Покушение на президентов было сорвано. Больше генсек не заикался о ненужности Управления.
9
– Какие планы на выходные, Николай Андреевич? – подошел вечером к Толмачеву вундеркинд Олейников.
– Как всегда – стирка, уборка, здоровый сон.
– Стирка? – изумился Гога. – Шутите…
– Хорошо за родительской спиной, – улыбнулся Толмачев. – Презренные бытовые заботы не омрачают, прямо скажем, сияющие горизонты. Молодая у тебя небось мама-то? Ну вот… Значит, тебе, паренёк, еще долго не придется задумываться, откуда, черт возьми, берутся чистые рубашки.
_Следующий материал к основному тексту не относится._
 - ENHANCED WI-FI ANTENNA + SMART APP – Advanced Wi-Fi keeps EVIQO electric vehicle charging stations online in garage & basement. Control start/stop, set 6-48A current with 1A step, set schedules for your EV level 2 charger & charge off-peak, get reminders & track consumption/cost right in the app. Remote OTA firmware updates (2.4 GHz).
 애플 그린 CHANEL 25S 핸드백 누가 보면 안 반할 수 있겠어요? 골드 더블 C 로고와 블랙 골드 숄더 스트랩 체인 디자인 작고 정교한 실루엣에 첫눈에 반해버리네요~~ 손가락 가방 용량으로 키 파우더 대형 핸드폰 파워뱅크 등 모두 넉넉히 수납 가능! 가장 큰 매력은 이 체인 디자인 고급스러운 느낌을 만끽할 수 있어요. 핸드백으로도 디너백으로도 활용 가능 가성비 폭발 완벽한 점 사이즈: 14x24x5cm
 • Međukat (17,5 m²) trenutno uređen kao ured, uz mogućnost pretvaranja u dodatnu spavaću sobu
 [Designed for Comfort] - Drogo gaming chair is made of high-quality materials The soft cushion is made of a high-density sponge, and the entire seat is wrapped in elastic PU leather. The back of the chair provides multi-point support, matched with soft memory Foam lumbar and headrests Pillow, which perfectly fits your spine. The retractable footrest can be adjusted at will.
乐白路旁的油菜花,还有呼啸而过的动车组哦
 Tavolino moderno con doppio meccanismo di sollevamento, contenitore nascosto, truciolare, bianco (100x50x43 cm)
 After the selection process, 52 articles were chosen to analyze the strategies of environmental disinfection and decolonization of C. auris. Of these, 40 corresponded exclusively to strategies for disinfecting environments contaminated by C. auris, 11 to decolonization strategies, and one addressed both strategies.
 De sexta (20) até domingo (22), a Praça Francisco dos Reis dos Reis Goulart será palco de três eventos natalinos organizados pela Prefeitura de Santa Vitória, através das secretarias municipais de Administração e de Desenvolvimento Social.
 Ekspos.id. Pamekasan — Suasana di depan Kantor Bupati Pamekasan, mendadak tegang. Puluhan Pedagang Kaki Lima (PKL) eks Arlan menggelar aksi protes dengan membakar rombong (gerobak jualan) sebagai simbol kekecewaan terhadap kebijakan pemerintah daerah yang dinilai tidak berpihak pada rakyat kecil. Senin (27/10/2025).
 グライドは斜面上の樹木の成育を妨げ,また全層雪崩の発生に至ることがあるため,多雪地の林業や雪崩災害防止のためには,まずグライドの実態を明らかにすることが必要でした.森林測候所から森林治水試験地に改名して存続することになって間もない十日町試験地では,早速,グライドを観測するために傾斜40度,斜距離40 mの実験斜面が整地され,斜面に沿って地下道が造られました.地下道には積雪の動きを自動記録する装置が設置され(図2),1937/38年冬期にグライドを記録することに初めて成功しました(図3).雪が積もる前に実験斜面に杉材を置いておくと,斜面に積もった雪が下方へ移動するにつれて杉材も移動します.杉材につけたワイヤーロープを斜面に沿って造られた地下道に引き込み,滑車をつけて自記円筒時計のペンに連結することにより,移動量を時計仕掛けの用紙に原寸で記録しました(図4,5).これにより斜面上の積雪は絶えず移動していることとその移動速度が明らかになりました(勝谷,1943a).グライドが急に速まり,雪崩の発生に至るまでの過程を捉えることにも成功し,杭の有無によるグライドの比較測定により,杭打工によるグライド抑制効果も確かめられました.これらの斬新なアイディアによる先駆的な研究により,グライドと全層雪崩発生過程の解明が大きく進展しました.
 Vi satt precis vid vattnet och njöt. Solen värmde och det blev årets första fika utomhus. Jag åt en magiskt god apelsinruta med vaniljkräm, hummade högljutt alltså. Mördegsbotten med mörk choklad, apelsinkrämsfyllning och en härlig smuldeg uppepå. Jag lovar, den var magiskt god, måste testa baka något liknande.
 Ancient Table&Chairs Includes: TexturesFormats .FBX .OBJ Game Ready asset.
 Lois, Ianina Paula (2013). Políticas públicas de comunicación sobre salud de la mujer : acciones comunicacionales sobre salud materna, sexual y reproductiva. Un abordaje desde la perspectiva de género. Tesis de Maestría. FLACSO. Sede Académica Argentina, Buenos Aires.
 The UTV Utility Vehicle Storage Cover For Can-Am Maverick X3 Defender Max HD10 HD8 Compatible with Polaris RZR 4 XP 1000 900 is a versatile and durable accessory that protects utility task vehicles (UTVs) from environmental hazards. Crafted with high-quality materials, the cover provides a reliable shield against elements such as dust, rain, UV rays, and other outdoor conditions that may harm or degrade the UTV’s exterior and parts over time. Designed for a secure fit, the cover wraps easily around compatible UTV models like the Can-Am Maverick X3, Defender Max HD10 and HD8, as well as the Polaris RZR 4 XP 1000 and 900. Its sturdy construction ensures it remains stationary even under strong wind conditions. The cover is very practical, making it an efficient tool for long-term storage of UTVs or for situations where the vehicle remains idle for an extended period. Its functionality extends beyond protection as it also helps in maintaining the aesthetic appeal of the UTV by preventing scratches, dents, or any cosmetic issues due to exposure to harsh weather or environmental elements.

Потом жена подхватит трудовую эстафету. А мне надо ухаживать за собой самому.
– Жаль, жаль… Хотел на шашлыки пригласить. Тут по Киевской дороге есть одно местечко!
– Какие шашлыки, Гога! Зубов нет.
– Старая дача, в лесу. Вообще за городом сейчас очень хорошо, все зеленеет.
– Ага, травка зеленеет, солнышко блестит… Вроде, Плещеев.
– И телки будут. Вы как насчет телок, Николай Андреевич? Еще интересуют?
– Ну, Гога, ты хам! Мне же не девяносто.
– Вот и покажем… Сплав молодости и опыта! Красоты и силы.
– Покажем. – Толмачев хлопнул Гогу по хрупкому птичьему плечу. – Обязательно покажем. Но в другой раз. Так что кланяйся телкам и сам их приласкай – за мое здоровье.
В полупустом вагоне метро он иногда вспоминал Гогу в роли манящей сирены и улыбался, склонившись над книжкой.
– Извиняюсь, чего там смешного пишут? – спросил сосед, небритый мужик с пустым рюкзаком на коленях, распластанным, как жаба.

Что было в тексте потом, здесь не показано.